#### Activity:
Below are records with pictures. Reproduce exactly the lines from the line with "野骆驼(学名:Camelus" to the line with "Ćwiczenia z Word", inclusive, and leave each picture out.

#### Material supplied:
• • •

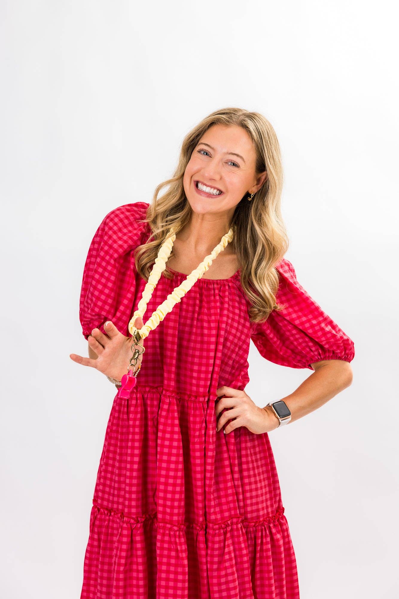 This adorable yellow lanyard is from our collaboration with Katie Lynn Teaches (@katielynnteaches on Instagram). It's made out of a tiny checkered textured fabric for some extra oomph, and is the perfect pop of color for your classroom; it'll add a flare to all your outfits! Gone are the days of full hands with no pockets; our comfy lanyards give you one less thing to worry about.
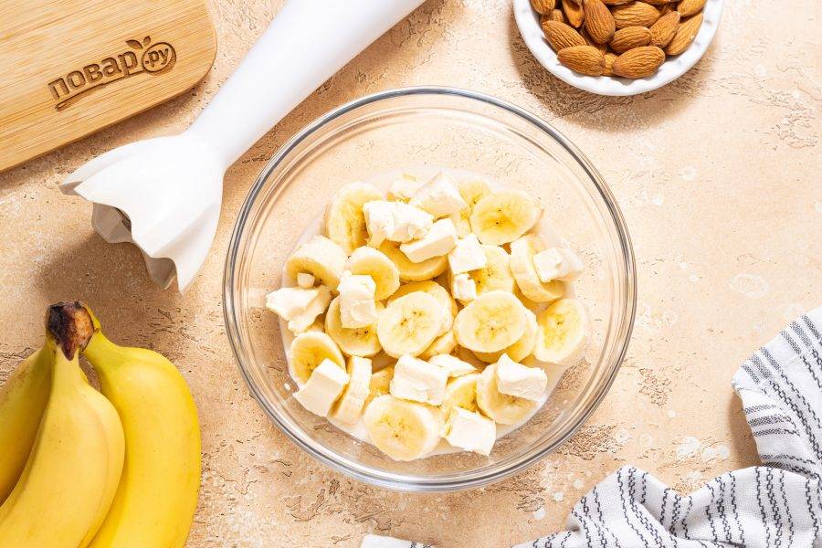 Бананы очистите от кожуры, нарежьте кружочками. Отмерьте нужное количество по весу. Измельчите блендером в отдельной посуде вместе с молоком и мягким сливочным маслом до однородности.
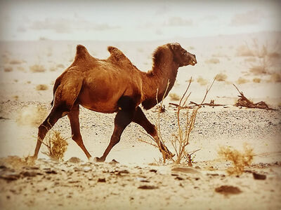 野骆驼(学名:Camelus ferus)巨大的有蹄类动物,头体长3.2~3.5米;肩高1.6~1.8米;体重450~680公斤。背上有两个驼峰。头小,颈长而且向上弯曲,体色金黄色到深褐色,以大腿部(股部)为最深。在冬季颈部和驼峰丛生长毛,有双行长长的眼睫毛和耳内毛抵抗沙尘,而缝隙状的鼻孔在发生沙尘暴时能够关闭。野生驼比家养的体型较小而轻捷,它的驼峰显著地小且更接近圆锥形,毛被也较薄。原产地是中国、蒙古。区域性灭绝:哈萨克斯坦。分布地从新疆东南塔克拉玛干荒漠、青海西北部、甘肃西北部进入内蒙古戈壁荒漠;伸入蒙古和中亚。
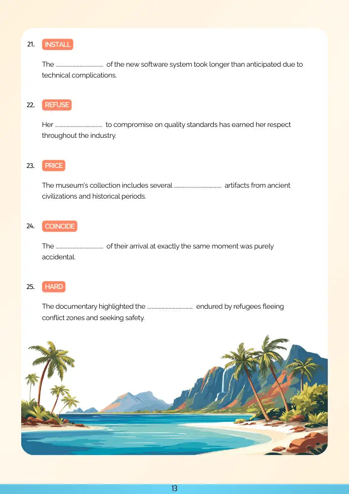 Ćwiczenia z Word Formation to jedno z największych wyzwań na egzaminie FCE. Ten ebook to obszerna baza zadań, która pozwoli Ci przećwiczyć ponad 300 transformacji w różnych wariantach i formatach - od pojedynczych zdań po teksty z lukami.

• • •

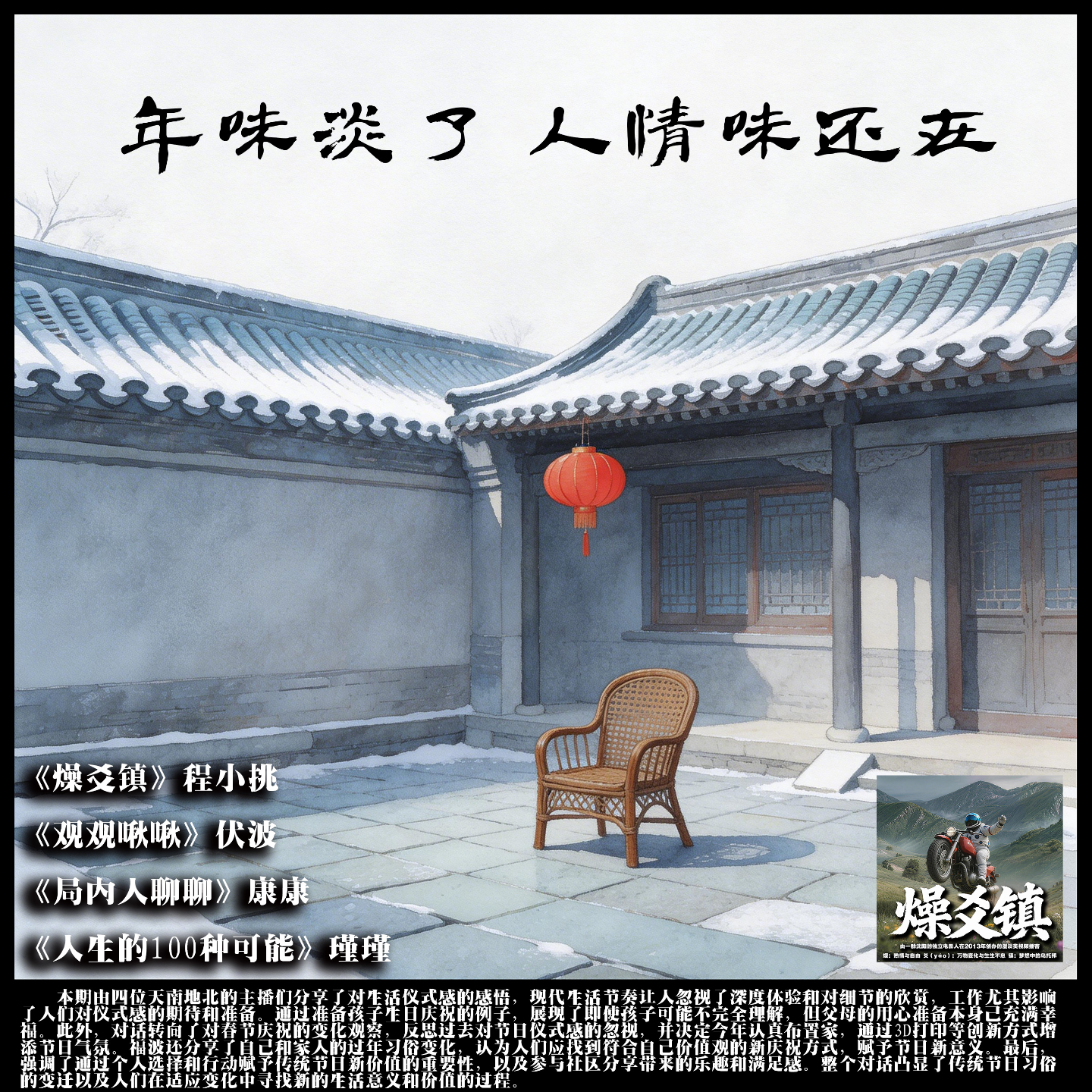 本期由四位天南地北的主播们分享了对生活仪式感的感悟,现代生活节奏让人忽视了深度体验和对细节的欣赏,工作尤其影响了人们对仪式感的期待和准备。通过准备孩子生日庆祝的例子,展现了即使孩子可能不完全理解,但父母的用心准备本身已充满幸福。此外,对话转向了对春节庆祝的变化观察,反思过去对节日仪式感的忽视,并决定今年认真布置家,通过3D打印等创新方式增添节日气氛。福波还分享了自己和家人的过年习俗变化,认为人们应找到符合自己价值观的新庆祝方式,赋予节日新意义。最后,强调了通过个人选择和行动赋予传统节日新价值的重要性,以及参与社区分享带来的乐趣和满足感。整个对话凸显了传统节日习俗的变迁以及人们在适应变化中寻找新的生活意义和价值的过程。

• • •

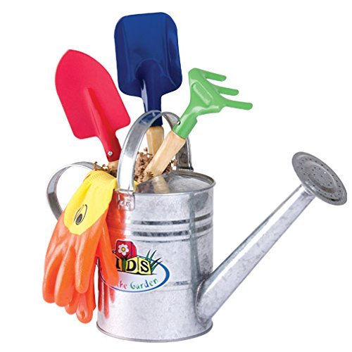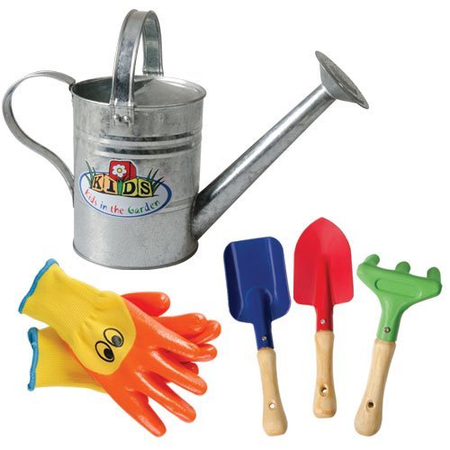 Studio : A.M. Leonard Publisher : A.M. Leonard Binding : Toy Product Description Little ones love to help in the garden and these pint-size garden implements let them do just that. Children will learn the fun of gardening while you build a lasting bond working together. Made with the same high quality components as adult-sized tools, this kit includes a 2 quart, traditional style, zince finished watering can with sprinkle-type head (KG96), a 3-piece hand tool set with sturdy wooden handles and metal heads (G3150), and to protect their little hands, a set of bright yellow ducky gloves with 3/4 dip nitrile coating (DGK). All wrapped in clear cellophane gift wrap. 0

• • •

#### Task answer:
 野骆驼(学名:Camelus ferus)巨大的有蹄类动物,头体长3.2~3.5米;肩高1.6~1.8米;体重450~680公斤。背上有两个驼峰。头小,颈长而且向上弯曲,体色金黄色到深褐色,以大腿部(股部)为最深。在冬季颈部和驼峰丛生长毛,有双行长长的眼睫毛和耳内毛抵抗沙尘,而缝隙状的鼻孔在发生沙尘暴时能够关闭。野生驼比家养的体型较小而轻捷,它的驼峰显著地小且更接近圆锥形,毛被也较薄。原产地是中国、蒙古。区域性灭绝:哈萨克斯坦。分布地从新疆东南塔克拉玛干荒漠、青海西北部、甘肃西北部进入内蒙古戈壁荒漠;伸入蒙古和中亚。
 Ćwiczenia z Word Formation to jedno z największych wyzwań na egzaminie FCE. Ten ebook to obszerna baza zadań, która pozwoli Ci przećwiczyć ponad 300 transformacji w różnych wariantach i formatach - od pojedynczych zdań po teksty z lukami.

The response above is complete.